**Task material**
══════════════════════════════

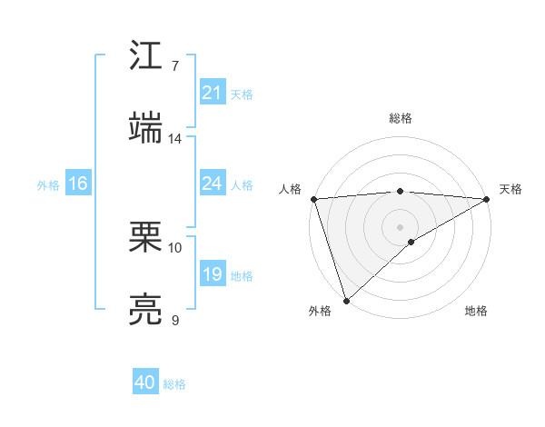 江端 栗亮さんの天格は21画の5点!
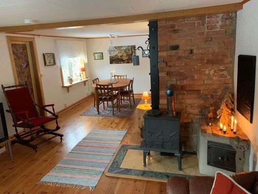 Det nedre planet har utöver kök och badrum ett stort matrum kombinerat med allrum innehållande bland annat vedeldad spis, TV, DVD-spelare.
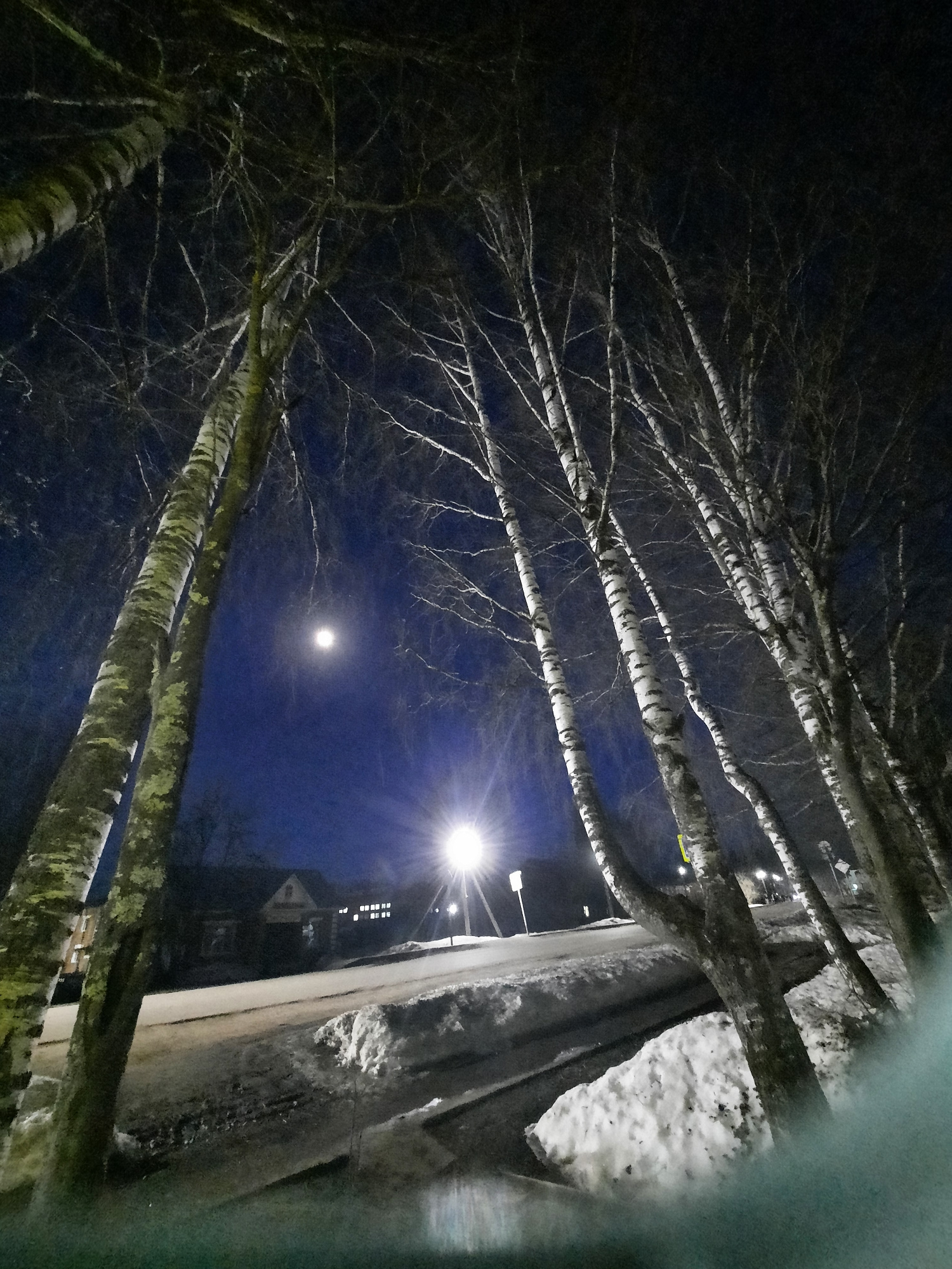 The image, taken from a low angle, depicts a night scene in what appears to be Krasnogorskoye, Russia. Several tall trees with light-colored bark stretch across the frame, their bare branches reaching…read more
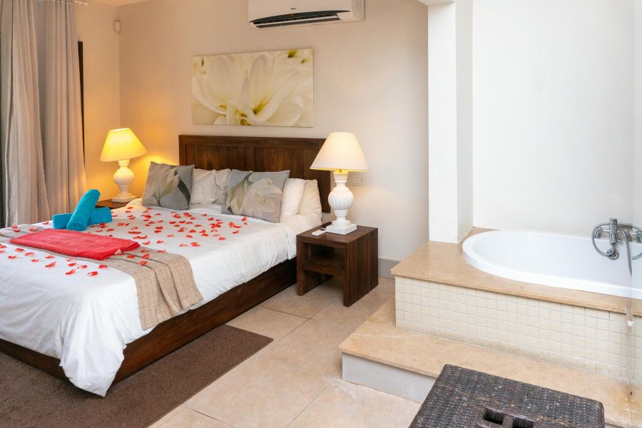 Escape to paradise at Bel Azur Villas, where stunning turquoise lagoons meet golden sandy beaches. Nestled on the serene northern coast of Trou aux Biches, our two exclusive villas offer the perfect blend of privacy and luxury. Each villa features a fully equipped kitchen, spacious en-suite bedrooms, and a private veranda with barbecue facilities—ideal for al fresco dining. Enjoy the seclusion of your own private garden and swimming pool, while still having direct access to the shared beachfront facilities, including a breathtaking communal infinity pool. Bel Azur Villas is your tranquil home away from home, perfectly positioned to explore the charming villages, vibrant life of Grand Bay, and historic sights of Port Louis.
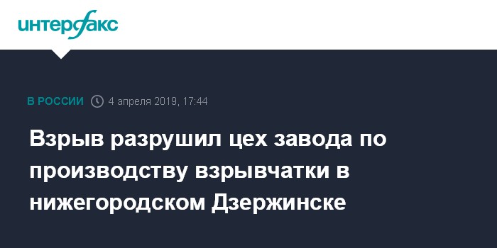 Взрыв разрушил цех завода по производству взрывчатки в нижегородском Дзержинске
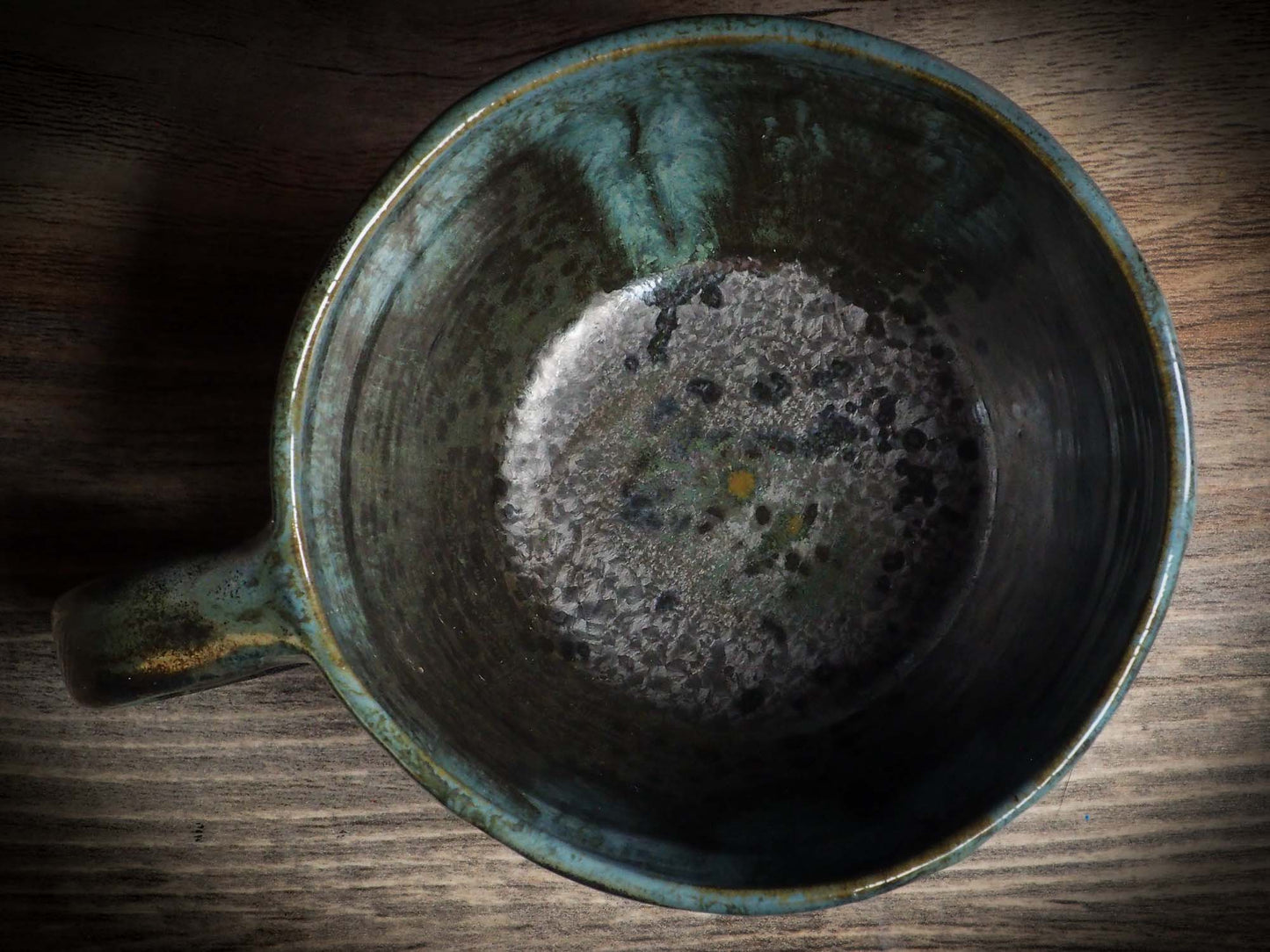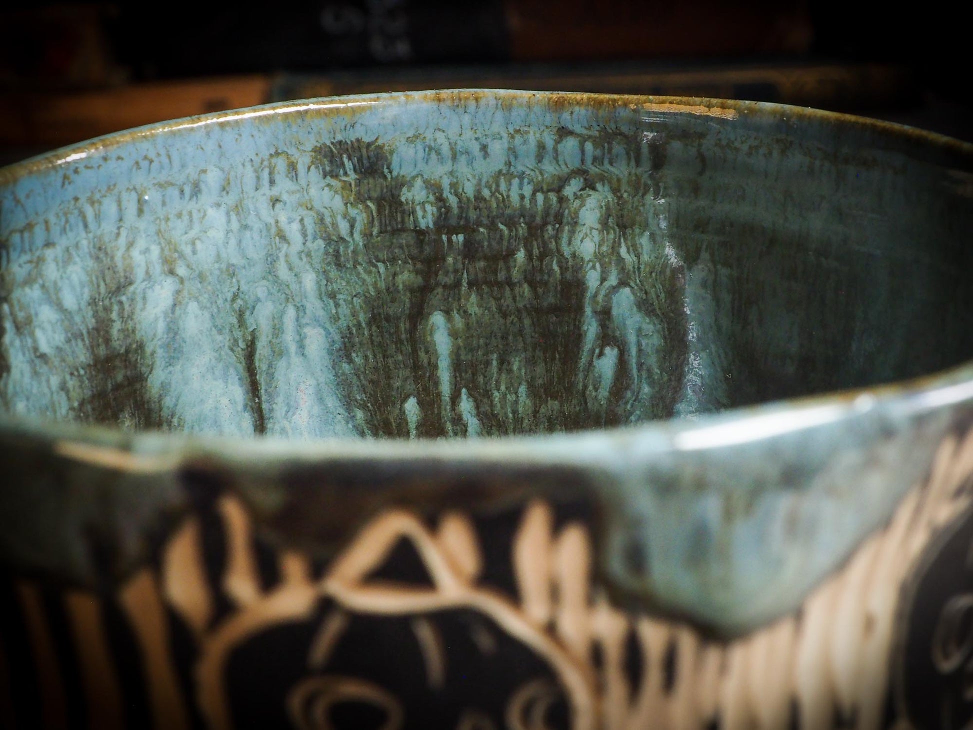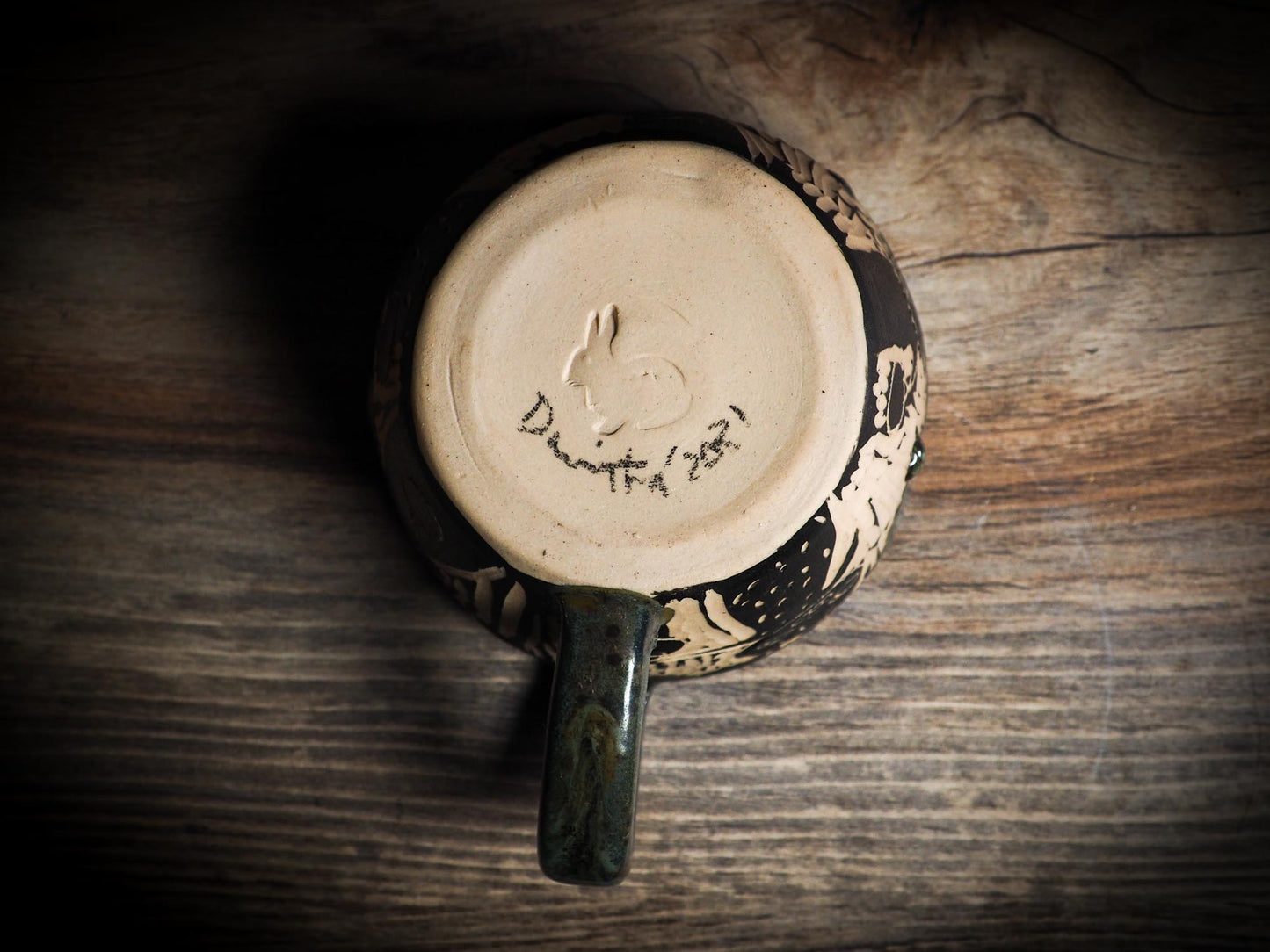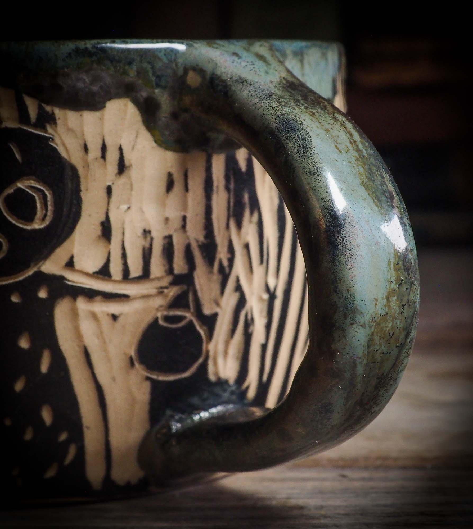 It measures 3 1/2 x 2 1/2 x 2 1/2 Inches, made with wheel thrown clay, hand carved and glazed by me with a dark, gooey glaze on the outside as well as the inside. The carved figures give it a nice, folk art primitive feel to it.
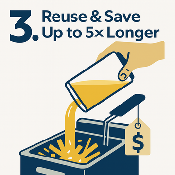 Pour the revitalized oil back into your fryer and keep cooking. Enjoy consistently crisp fries, cut oil waste, and slash your oil spend by up to 5x.
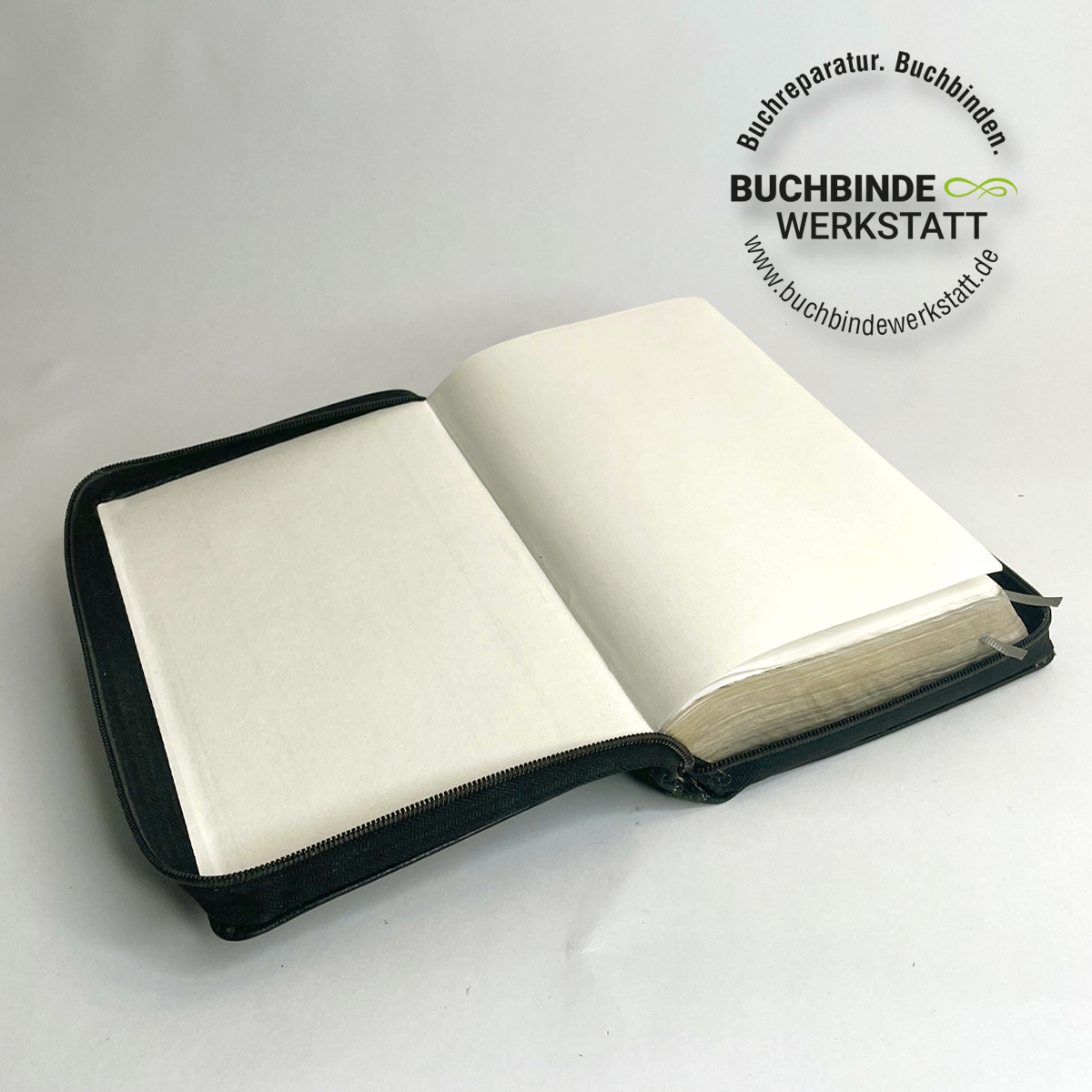 „Ich habe meine Bibel, die eigentlich schon ein Totalschaden war, zur Buchbinderwerkstatt geschickt. Als ich meine Bibel zurückbekommen habe, war ich richtig begeistert. Ich kann Herrn Beilker von Buchbinderwerkstatt mit gutem Gewissen empfehlen.“

══════════════════════════════

Write out exactly the lines from the line that contains "Det nedre planet" to the last line of the material above, both included; pictures do not belong in the copy.

**Answer for this exercise**
 Det nedre planet har utöver kök och badrum ett stort matrum kombinerat med allrum innehållande bland annat vedeldad spis, TV, DVD-spelare.
 The image, taken from a low angle, depicts a night scene in what appears to be Krasnogorskoye, Russia. Several tall trees with light-colored bark stretch across the frame, their bare branches reaching…read more
 Escape to paradise at Bel Azur Villas, where stunning turquoise lagoons meet golden sandy beaches. Nestled on the serene northern coast of Trou aux Biches, our two exclusive villas offer the perfect blend of privacy and luxury. Each villa features a fully equipped kitchen, spacious en-suite bedrooms, and a private veranda with barbecue facilities—ideal for al fresco dining. Enjoy the seclusion of your own private garden and swimming pool, while still having direct access to the shared beachfront facilities, including a breathtaking communal infinity pool. Bel Azur Villas is your tranquil home away from home, perfectly positioned to explore the charming villages, vibrant life of Grand Bay, and historic sights of Port Louis.
 Взрыв разрушил цех завода по производству взрывчатки в нижегородском Дзержинске
 It measures 3 1/2 x 2 1/2 x 2 1/2 Inches, made with wheel thrown clay, hand carved and glazed by me with a dark, gooey glaze on the outside as well as the inside. The carved figures give it a nice, folk art primitive feel to it.
 Pour the revitalized oil back into your fryer and keep cooking. Enjoy consistently crisp fries, cut oil waste, and slash your oil spend by up to 5x.
 „Ich habe meine Bibel, die eigentlich schon ein Totalschaden war, zur Buchbinderwerkstatt geschickt. Als ich meine Bibel zurückbekommen habe, war ich richtig begeistert. Ich kann Herrn Beilker von Buchbinderwerkstatt mit gutem Gewissen empfehlen.“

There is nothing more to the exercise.